“What’s wrong?” my husband asked. “Nothing,” I said flatly. “No really, what’s wrong? I know something is bothering you,” he said patiently but knowingly. “I’m fine,” I answered. We both knew I was not fine, but this was the charade we went through every time I was upset about something.
For the first decade of our marriage this is exactly how I handled conflict with my husband, Adam.
I avoided it at all costs. Adam on the other hand enjoys leaning into confrontations. He would much rather deal with an issue head-on than let it go unaddressed. These two approaches to conflict led to an unhealthy cycle—I denied anything was bothering me until he pushed me hard enough then I would explode in frustration, spewing out all I had been holding back. While Adam didn’t mind pushing me to the point of spilling my guts, he often felt frustrated that he had to do so.
The truth is I didn’t know how to handle conflict.
This was not something that my family modeled well as I grew up. We had a tendency to shut down, and/or resort to passive aggressive behavior rather than work through frustrations or hurt feelings. One adult figure in my youth consistently confronted me directly and often did so in error and was not willing to consider any other view point. This left me with a strong set of skills in conflict avoidance, often at my own expense.
What I didn’t understand for a long time was that conflict as a result of confrontation in the context of a personal relationship can be healthy and life- giving.
I had to learn that confrontation didn’t have to be explosive, full of anger, frustration, and accusation. It could be gentle, compassionate, and loving. These were definitely not revelations I came to on my own. God had to do a work in my heart to overcome my propensity for defensiveness and putting up protective walls. I also had to learn to trust in the unconditional love of my husband.
These new understandings have transformed my marriage and the way we communicate.
However, these changes did not take hold overnight. It was more like dipping my toe in the waters of confrontation and realizing that I didn’t drown. The next time I could be a little bolder, a little more forward. It took time to slow down, discover what I was feeling, and why I was feeling it. The process of learning to communicate those feelings without attacking Adam took even more time.
I am incredibly thankful for this change in our marriage.
I never would have imagined it, but the better we get with confrontations the stronger our relationship becomes. Fewer thoughts and feelings get left unsaid and we work through hurts or disagreements more quickly.
I still have a long way to go in transferring these skills to relationships outside of my marriage.
I find it difficult to trust the depth of my connections with others enough to overcome the possible strain that can come from confrontation. I also struggle with the confidence that others will be open to what I have to say and not just shut me down. Healthy confrontation requires both parties to be willing to be wrong. That means I have to have the courage to confront someone with humility and accept that my perspective was the one in error, or the courage to stand my ground when my point of view is not well received.
This can be true in our relationship with God as well.
He is never afraid to confront us (Job 40, Jonah 4, Matthew 23), but He does allow us to question Him as well (Psalm 43, 74, Habakkuk1). Confronting God with a heart of humility, a desire to understand, and with trust in His sovereignty can lead to a greater depth of relationship with Him.

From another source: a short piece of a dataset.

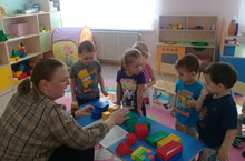 Дети упражнялись различать предметы по форме и количеству, называть их словами. А затем пробовали сооружать несложные постройки.
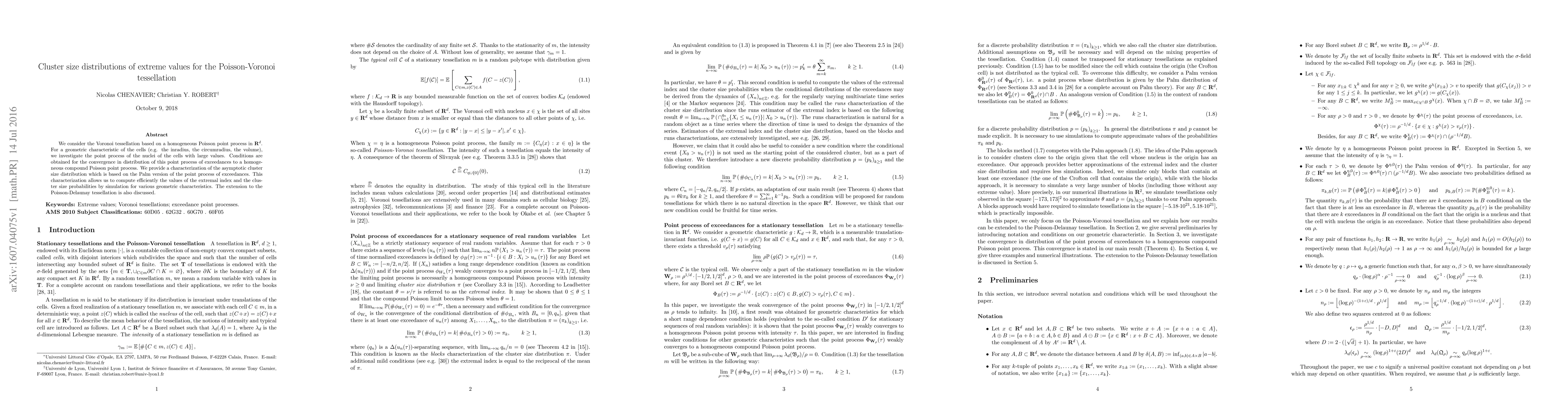 This paper explores the cluster size distributions of extreme values in a Poisson-Voronoi tessellation, deriving conditions for the convergence of the point process of large cells to a homogeneous compound Poisson process. It provides a method for efficiently computing extremal indices and cluster size probabilities through simulation.

What are your thoughts about confrontation/conflict? Do you shy away from it like me? Or do you jump at the chance to challenge erroneous thoughts or behaviors? Do you handle conflict in a healthy manner, or do you become defensive or argumentative?
Kristin Robinson says
I feel like we are in a time when some would want us to believe that as a society we are in great conflict with one another. But it is not a constructive conflict. Rather, the confrontation we see on the larger scale is about one group trying to dominate the other. This seems to only increase the divide between the two groups. While it isn’t accomplishing anything for our society, I feel like this is a great visual of what not to do. By taking a step back and looking at this poor example of confrontation it motivates me to try and do something different. To be slow to speak and quick to listen, and try to approach everyone with love and humility.
Anonymous says
It’s so important to any relationship to have open communication. This post is applicable to every area of our lives. Thanks for sharing!